Data below:
*** Block opens ***

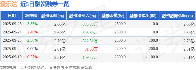 爱乐达融资融券信息显示,融资方面,当日融资买入1842.02万元,融资偿还2727.8万元,融资净偿还885.78万元。融券方面,融券卖出0.0股,融券偿还0.0股,融券余量2500.0股,融券余额6.31万元。融资融券余额2.6亿元。
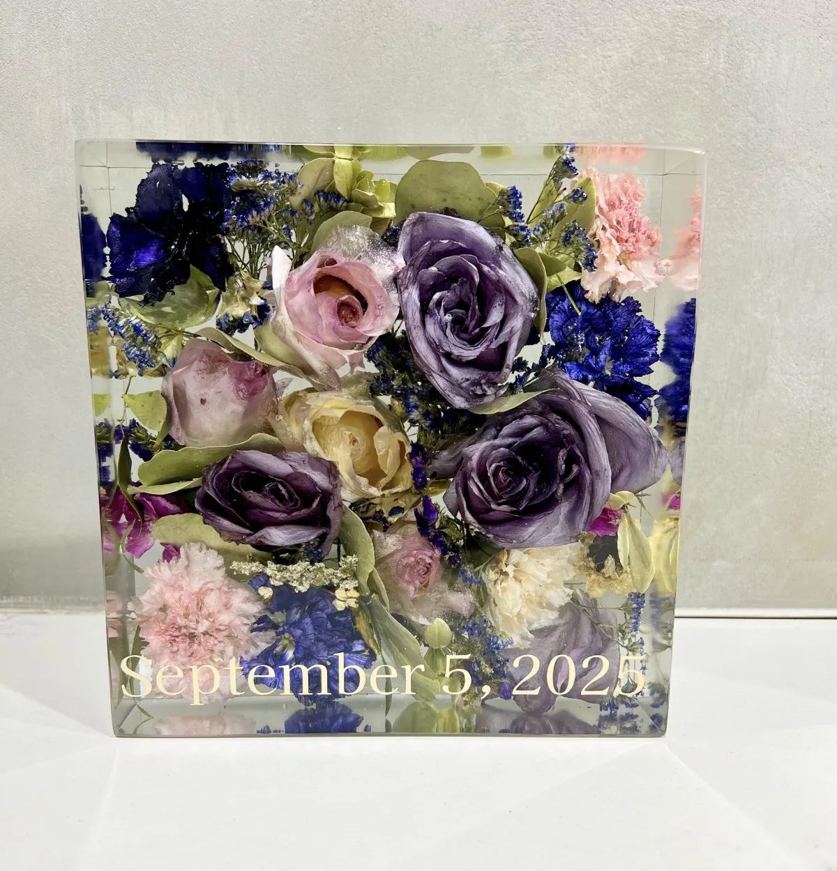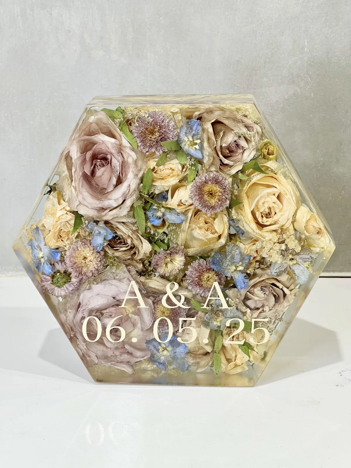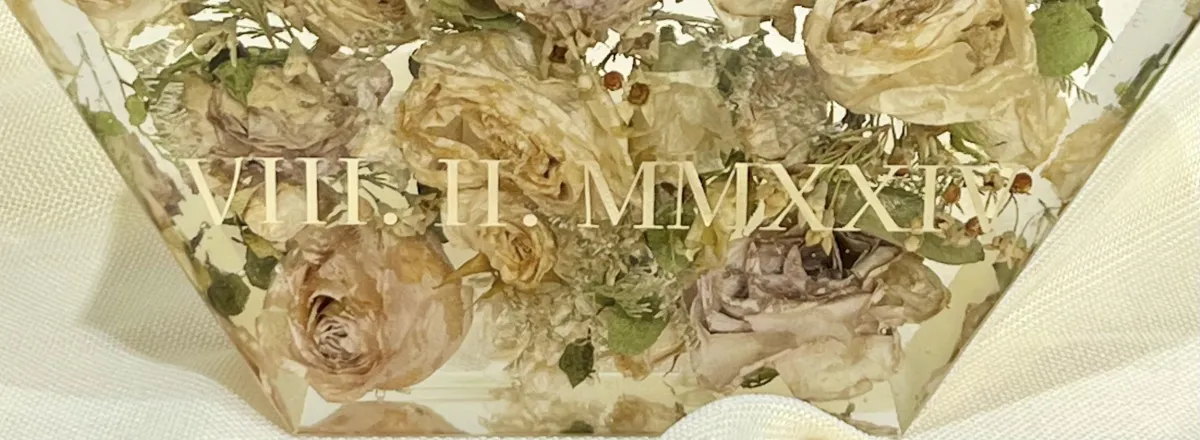 Each piece begins with a real moment — a wedding, farewell, or celebration. Using your actual flowers, we carefully preserve them in crystal-clear resin, transforming fleeting blooms into lasting keepsakes.
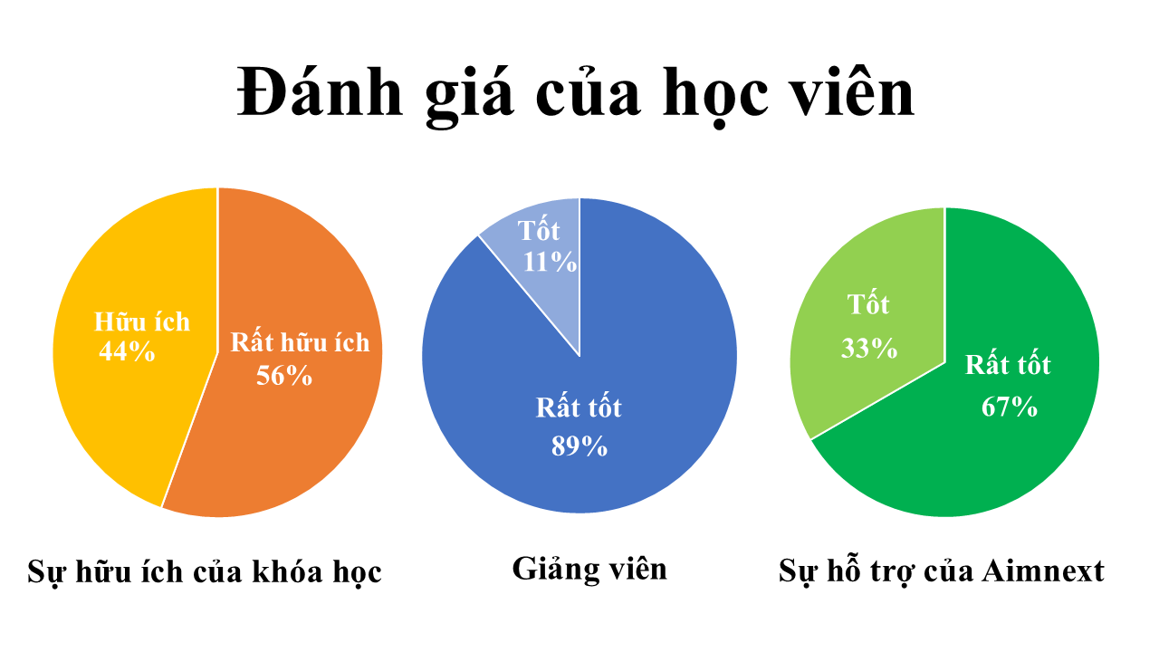 Sau khi khóa học kết thúc đã nhận được những đánh giá rất cao về tính thực tiễn và khả năng truyền đạt của giảng viên. Những con số dưới đây chính là minh chứng rõ ràng nhất cho chất lượng và giá trị mà khóa học mang lại:
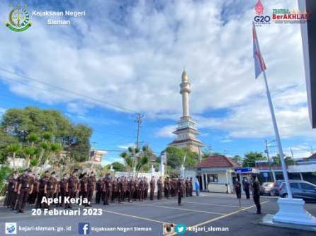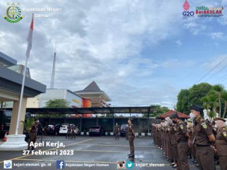 Apel Kerja, Senin, 20 Februari 2023 di kantor Kejaksaan Negeri Sleman. Kepala Seksi Pidana Umum Agung Wijayanto, SE, SH, MH bertindak sebagai Pembina Apel, dan diikuti oleh seluruh pegawai. ...

*** Block closes ***

Aim of the exercise:
Repeat the material above exactly; any picture in it is left out.

Answer to this exercise:
 爱乐达融资融券信息显示,融资方面,当日融资买入1842.02万元,融资偿还2727.8万元,融资净偿还885.78万元。融券方面,融券卖出0.0股,融券偿还0.0股,融券余量2500.0股,融券余额6.31万元。融资融券余额2.6亿元。
 Each piece begins with a real moment — a wedding, farewell, or celebration. Using your actual flowers, we carefully preserve them in crystal-clear resin, transforming fleeting blooms into lasting keepsakes.
 Sau khi khóa học kết thúc đã nhận được những đánh giá rất cao về tính thực tiễn và khả năng truyền đạt của giảng viên. Những con số dưới đây chính là minh chứng rõ ràng nhất cho chất lượng và giá trị mà khóa học mang lại:
 Apel Kerja, Senin, 20 Februari 2023 di kantor Kejaksaan Negeri Sleman. Kepala Seksi Pidana Umum Agung Wijayanto, SE, SH, MH bertindak sebagai Pembina Apel, dan diikuti oleh seluruh pegawai. ...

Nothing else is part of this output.